# How can I create borders/frames for my photos?



## dalite (Jul 27, 2018)

I am using LR v5.6 and while I realize there are some software that allows one to create borders/frames, most are using Photoshop CC or the like. I also use Elements 10 (seldom), so probably no go. My computer system is a desktop Mac on OS Sierra.


----------



## frozenframe (Jul 27, 2018)

Have you searched Google?  The closest way in LR to create a border is using the Post Crop Vignette. 
Here's a video tutorial on creating a photo frame using PSE. Creatng a Photo Frame in Photoshop Elements


----------



## dalite (Jul 27, 2018)

Thanks. Years ago I used PSE to create a frame. But in the intervening years I have used LR and so forgot this possibility. Thanks very much.


----------



## Jim Wilde (Jul 27, 2018)

The LR/Mogrify2 plug-in for Lightroom can apply borders/frames (and more) during export from Lightroom.


----------



## Richard Behan (Jul 30, 2018)

Depends on what you're trying to do.  In Print Module>Page you can specify "page background color."   That will give you a nice "border" around the image, in any color you choose.  I often use a shade of gray.  Hope this helps.


----------



## dalite (Jul 31, 2018)

I am trying to give it a white frame effect (sort of like matte paper in a frame). Not print a whole 8 x 11 sheet


----------



## Richard Behan (Jul 31, 2018)

So make the page background color "white," choose the size of printing paper under Page Setup, and then under Layout adjust the cell size to produce the dimensions of the "white frame effect" you want.  Are you seeking something like this?  (This is a borderless print, so the paper is much larger than the image: there is a great deal of white surrounding the image, mimicking an overlaid mat.)


----------



## Rob_Cullen (Aug 1, 2018)

And here is the result by designing and using an Identity Plate Graphic that is the same size Ratio as the print (paper)-
The Identity Plate in this example is a photo of a frame & matte with the centre cut-out transparent, for which only a .PNG type file is suitable.




My resulting .JPG from the Print module-  (a really quick job, so would need more care!)


----------



## dalite (Aug 3, 2018)

Sorry folks but none of the above works.

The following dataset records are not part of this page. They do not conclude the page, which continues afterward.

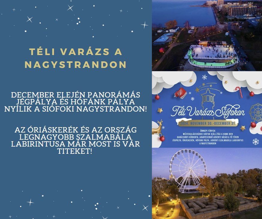 Besinnliche Weihnachtsbeleuchtung, Konzerte zur Einstimmung auf die Feiertage, ein Weihnachtskarussell, heiße Winterspezialitäten, bezaubernde Kinderprogramme und eine zauberhafte Atmosphäre erwarten die Besucher rund um den Wasserturm auf dem Hauptplatz der Stadt bereits ab dem 29. November. Anfang Dezember eröffnet am großen Strand von Siófok eine Panorama-Eisbahn und eine Schneereifenbahn. Zusammen mit dem größten Strohballen-Labyrinth des Landes und dem Riesenrad bietet Siófok bis Februar ein perfektes Ziel für Winterliebhaber.
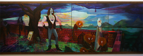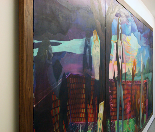 In elk geval zijn er olieverfschilderijen te zien op verschillende formaten. Die verschillende formaten doen het goed. Doordat de grote werken kolossaal zijn, krijgen juist die kleine werken als accent veel meer betekenis en relevantie.
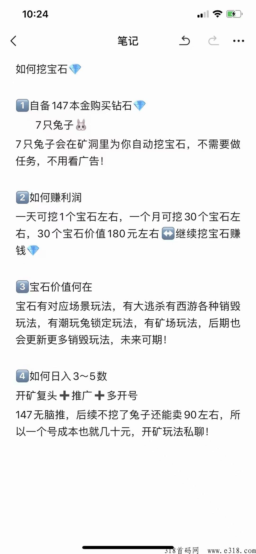 第一种:开号挖宝石,多号多赚

Richard, which version of LR are you using? I have LR v5.6
I-See-Light: it would help if you could use a step-by-step process to show how you achieved the frame.


----------



## dalite (Aug 3, 2018)

Frozenfrme: I may try PSE instead. Thanks.


----------



## Rob_Cullen (Aug 3, 2018)

"step-by-step process to show how you achieved the frame. "
Here goes-  prepare for a long list 

Steps for “Frames”
1.  In PHOTOSHOP (see Problems ** below) Create a frame yourself (Brush, Shapes, etc) or edit any image of a frame. Only limited by your imagination!
2.  Enable the Background layer (for editing) by clicking on the layer padlock

3.  Use any Selection tool to select a rectangle, oval, or freehand, to delete the area you want transparent.
4. Save the file in .PNG file-type.
 

5. In LIGHTROOM
6. Open the Identity Plate editor-   Menu: _Edit > Identity Plate Setup…_
7. Use a “Graphical Identity Plate” option.
8. Locate the PNG file you saved from Photoshop

9. Ignore any warnings about ‘Size’

10. Save the Identity plate with a suitable name. (Drop-down menu in ‘Custom’ )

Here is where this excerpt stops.